Toni put down the emery board she had been using and cupped the telephone receiver a little tighter between her shoulder and her chin. "What really happened?" She repeated the phrase with dutiful enthusiasm. In the back of her mind, Toni didn't expect to hear any earth-shattering news. But the lingering one percent of doubt compelled her full attention toward Irma's breathless reply.
"Of course, Toni, I know you won't let this go any further than the two of us."

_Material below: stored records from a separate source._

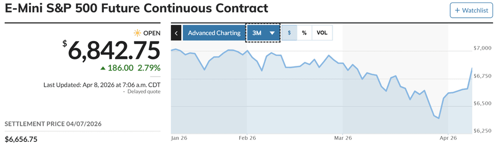 —The Way We Were: Will Markets/Oil Just Revert to Prewar Levels/Trends? Unknowable, but, at least re oil, not if the aforementioned premium kicks in. Equity markets, though they trended down toward correction territory, broadly expected Trump to back down, so the relief rally is solidly underway as I write this AM: Here’s the S&P pre-opening futures: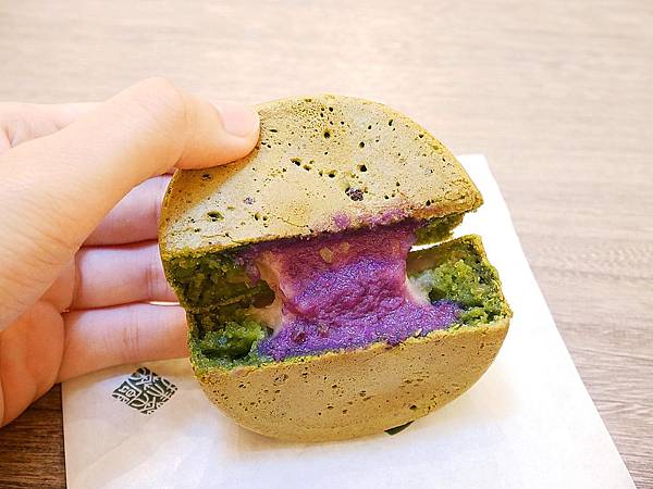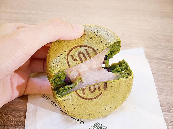 抹茶的外皮搭配芋泥和紫薯餡,多層次的香氣和風味瞬間覺得很超值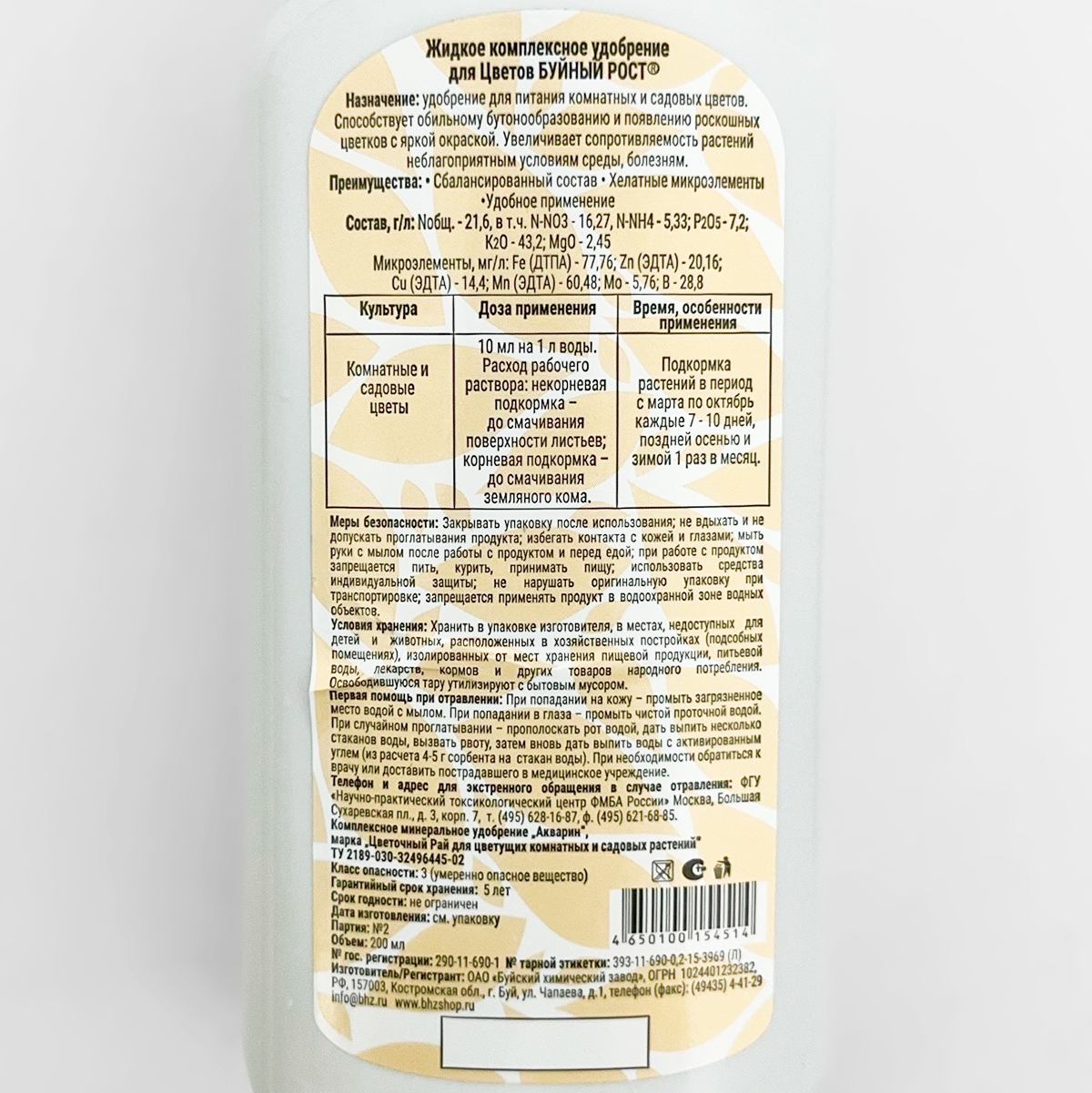 Состав, г/л: N общ. - 21,6 в т.ч. N-NO3 - 16,27, N-NН4 - 5,33, Р2О5 - 7,2, К2О - 43,2, МgО - 2,45. Микроэлементы мг/л: Fe (ДТПА) - 77,76, Zn (ЭДТА) - 20,16, Сu (ЭДТА) - 14,4, Мn (ЭДТА) - 60,48, Мо - 5,76, В - 28,8.

"Of course." Toni assented automatically and wondered who else Irma thought would be the least bit interested.
"Elliot told me," Irma's hushed tone took on the aura of a second-rate melodrama, " ... that the real reason he fired Carl was to save the company's face."

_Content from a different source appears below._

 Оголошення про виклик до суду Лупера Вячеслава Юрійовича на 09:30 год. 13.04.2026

"What?" Toni wondered for a moment if that was Irma's bad attempt at a pun about the cosmetics industry. She laughed politely.
"Don't you understand?" Irma proceeded, still whispering. "Carl was going to quit."
Toni perked up. "Carl walk out? Don't be silly. He was here later that night with Stan and me. He would have said something...."
"I don't think so," Irma said decisively. "From what Elliot tells me it was a battle royal."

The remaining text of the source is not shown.